** The records **
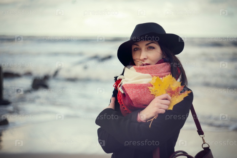 Грустная задумчивая женщина обняла себя на фоне моря
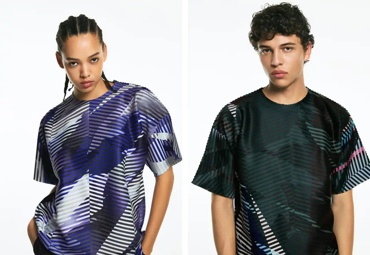 単に衣服にグラフィックを載せるのではなく、A-POC ABLE ISSEY MIYAKEの立体的な服づくりと独自のプリーツ技術「Baked Stretch」の製作プロセスを前提に、身体の動きや視点の変化によって美が立ち現れるよう、グラフィックは数多くのパターン検証を重ねながら緻密に設計されています。これらは固定された美ではなく、動きの中で現れる「瞬間の造形」として、新しい美の可能性を提示します。 |
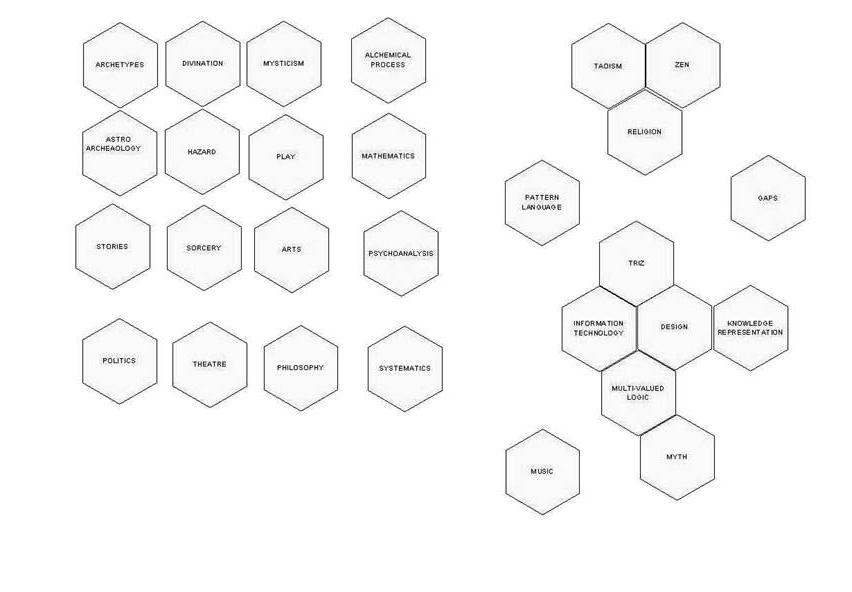 The symbol that appears towards the bottom of the final structure was placed there because of a felt need for an MM to complete the vertical column. This was provisionally identified as language. Adopting this item, the vertical column then appears as a sequence of five MMs, the composition of which was surprising to the players themselves. In a word, it was truly emergent. ‘Hazard’, ‘Animism’ and ‘Shit’ are wild elements while ‘Systematics’ and ‘Language’ appear as domesticated ones.
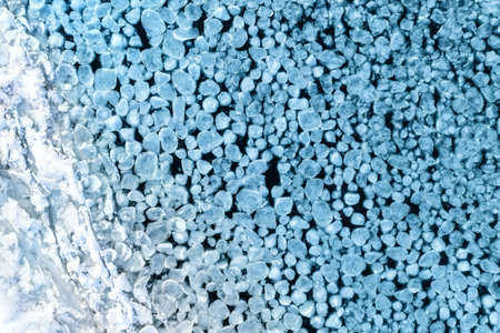 Abstract texture of broken white ice in blue water near a snowy shore. View of the ice from a drone. Background from the frozen surface of a clean lake or river.
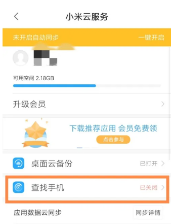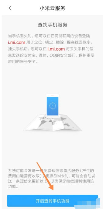 4.然后进入小米云服务功能页面,选择【查找手机】功能;
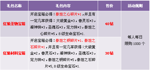 【活动内容】活动期间,红装圣物宝箱和红装材料宝箱齐齐上架游戏商城,机会不容错过。
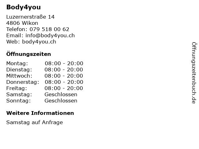 | Öffnungszeiten Body4you in Wikon anzeigen | |
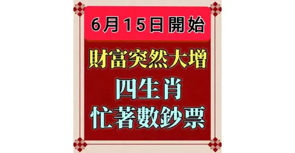 6月15日馬上發橫財,六大生肖開心數鈔票!

** Required action **
Restate, word for word and without pictures, the lines from the line containing "anzeigen | |" to the last line of the records above.

** Response to the task **
 | Öffnungszeiten Body4you in Wikon anzeigen | |
 6月15日馬上發橫財,六大生肖開心數鈔票!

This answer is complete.